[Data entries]
*** Begin section ***
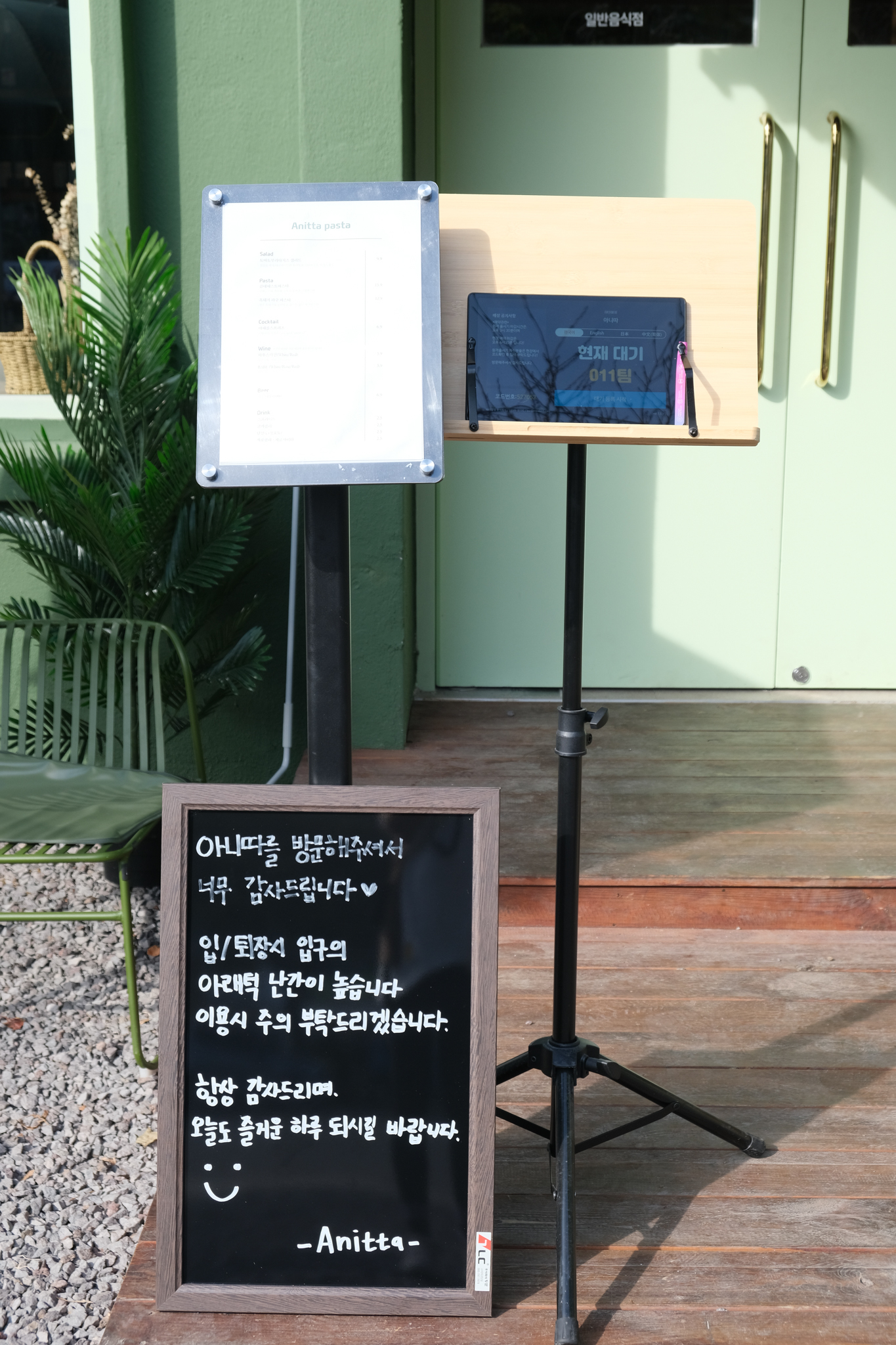 11시에 오픈을 하는데11시부터 테이블링 어플로 줄서기를 할 수 있지만,11시 전에 매장 앞으로 가면 태블릿으로 11시 전부터 줄서기를 할 수 있어서10시 45분쯤 아니따 앞으로 갔다.
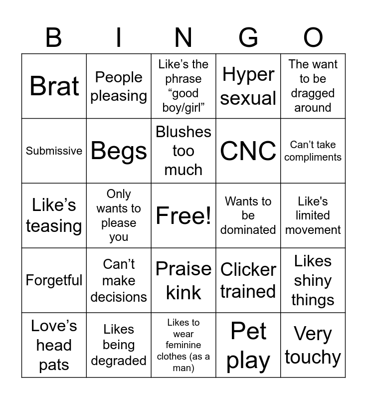 This bingo card has a free space and 24 words: Love’s head pats, Can’t make decisions, Blushes too much, Pet play, The want to be dragged around, Brat, People pleasing, Like’s the phrase “good boy/girl”, Wants to be dominated, Like's limited movement, Like’s teasing, Begs, Clicker trained, Likes shiny things, Submissive, Likes being degraded, Likes to wear feminine clothes (as a man), Hyper sexual, Can’t take compliments, Forgetful, Only wants to please you, Praise kink, CNC and Very touchy.
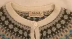 Stickad kofta med lång ärm, stickad enligt "gamla rundstingningen". Jumpern är slätstickad i de enfärgade partierna med resårstickad halsringning, muddar och nederkant. Oket är mönsterstickat med räta och aviga maskor i nyanser av blått, grått och grönt, mot en ljus beige botten. Knäppning fram med tio syntetiska knappar. Originaletikett: BOHUS STICKNING HANDKNITTED ALL WOOL
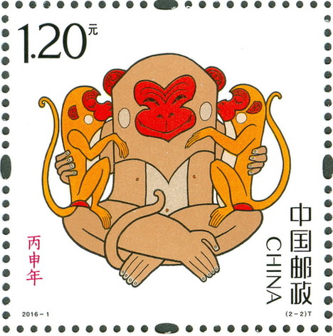《丙申年》特种邮票以两枚一套的形式拉开了第四轮生肖邮票发行的大幕,该套邮票色彩浓烈喜庆,图案内容分别为:灵猴献瑞、福寿双至,全套邮票面值为2.40元。第一图,猴子手托寿桃,面带笑容,形象活泼可爱,生动传神。第二图,一只金猴抱着两只橘色的小猴象征亲情,也寄托着阖家团圆、福寿双至的吉祥寓意。
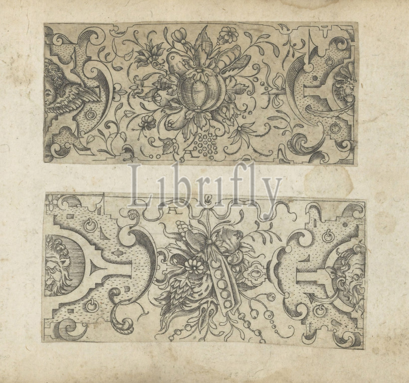 Edge decoration, fruit cluster, pod, cluster, Flanked, two half cartouches, mascaron, print, part, album, ornaments, art, ornament, cartouche, fruits, vegetables, mask, Andreas Luining, mentioned, object, 1589, 1593, paper, engraving
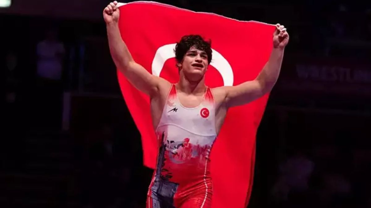 Milli güreşçinin şampiyonluğunu bozkurt selamıyla kutlaması dikkat çekti..
*** End section ***
■ Work to complete:
An exact printout of the entries is wanted, covering the first line through the line holding "This bingo card", with pictures kept out of it.

■ Problem solution:
 11시에 오픈을 하는데11시부터 테이블링 어플로 줄서기를 할 수 있지만,11시 전에 매장 앞으로 가면 태블릿으로 11시 전부터 줄서기를 할 수 있어서10시 45분쯤 아니따 앞으로 갔다.
 This bingo card has a free space and 24 words: Love’s head pats, Can’t make decisions, Blushes too much, Pet play, The want to be dragged around, Brat, People pleasing, Like’s the phrase “good boy/girl”, Wants to be dominated, Like's limited movement, Like’s teasing, Begs, Clicker trained, Likes shiny things, Submissive, Likes being degraded, Likes to wear feminine clothes (as a man), Hyper sexual, Can’t take compliments, Forgetful, Only wants to please you, Praise kink, CNC and Very touchy.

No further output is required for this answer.